WHAT THE TASK ASKS
For the data that follows, print the line with "Već neko vrijeme, u", the line with "22.5.2025 pidimme Vastuullisuusviestinnän", and all lines between them, exactly as they stand. Omit pictures and add nothing.

INFORMATION GIVEN
-- Opening Marker --

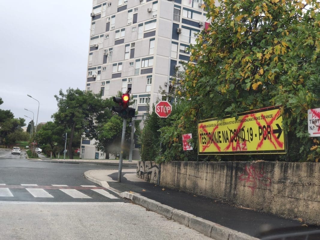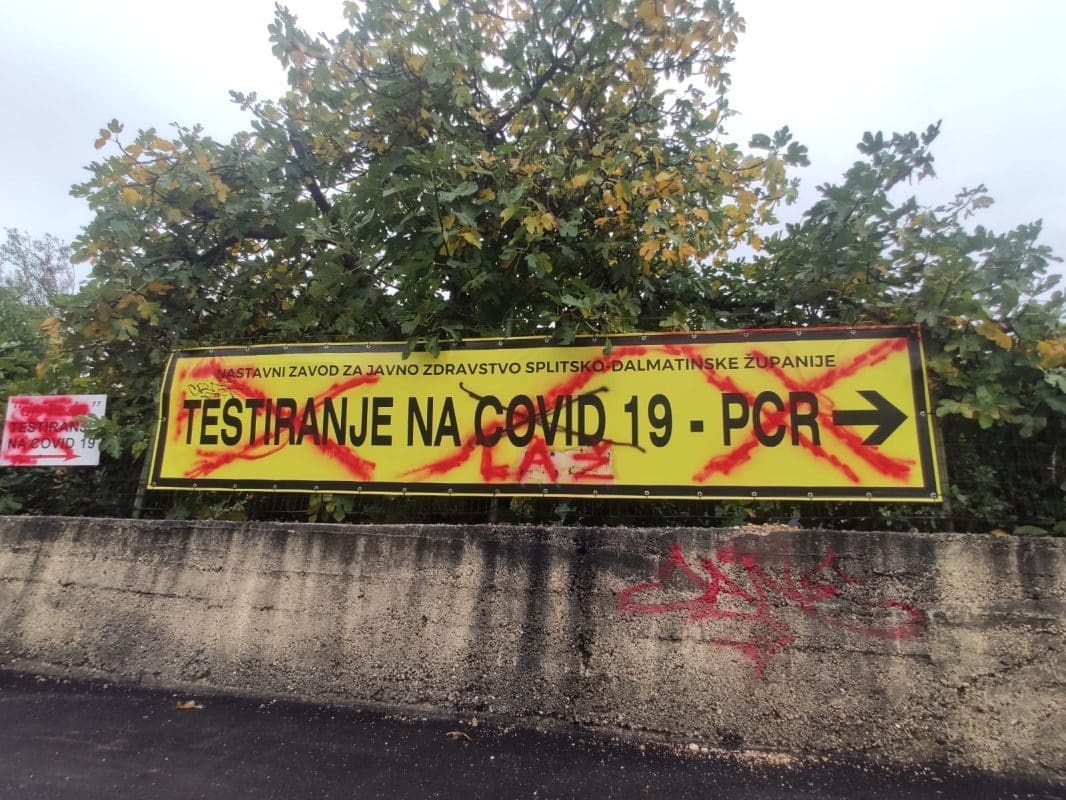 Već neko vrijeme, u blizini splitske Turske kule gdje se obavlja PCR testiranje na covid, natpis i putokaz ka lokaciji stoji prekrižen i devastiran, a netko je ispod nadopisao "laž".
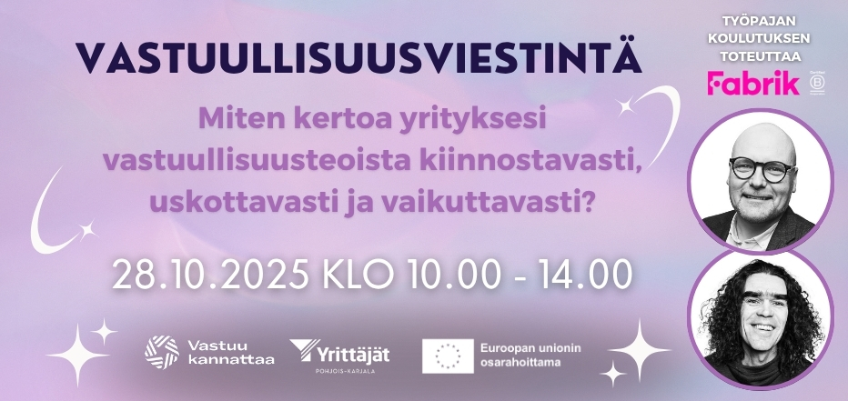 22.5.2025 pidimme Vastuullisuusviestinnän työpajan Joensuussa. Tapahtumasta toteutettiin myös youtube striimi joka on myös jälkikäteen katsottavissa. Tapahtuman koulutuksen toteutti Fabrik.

-- Closing Marker --
-- Opening Marker --

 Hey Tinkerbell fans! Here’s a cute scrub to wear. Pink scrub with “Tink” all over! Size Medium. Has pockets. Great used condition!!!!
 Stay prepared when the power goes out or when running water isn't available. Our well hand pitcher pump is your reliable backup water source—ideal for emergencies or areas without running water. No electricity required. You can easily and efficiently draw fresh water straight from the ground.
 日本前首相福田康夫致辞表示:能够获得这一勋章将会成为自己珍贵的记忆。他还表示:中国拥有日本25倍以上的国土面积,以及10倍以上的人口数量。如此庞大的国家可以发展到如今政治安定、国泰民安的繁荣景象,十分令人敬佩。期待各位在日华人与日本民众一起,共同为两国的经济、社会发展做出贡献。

-- Closing Marker --

COMPLETED EXERCISE
 Već neko vrijeme, u blizini splitske Turske kule gdje se obavlja PCR testiranje na covid, natpis i putokaz ka lokaciji stoji prekrižen i devastiran, a netko je ispod nadopisao "laž".
 22.5.2025 pidimme Vastuullisuusviestinnän työpajan Joensuussa. Tapahtumasta toteutettiin myös youtube striimi joka on myös jälkikäteen katsottavissa. Tapahtuman koulutuksen toteutti Fabrik.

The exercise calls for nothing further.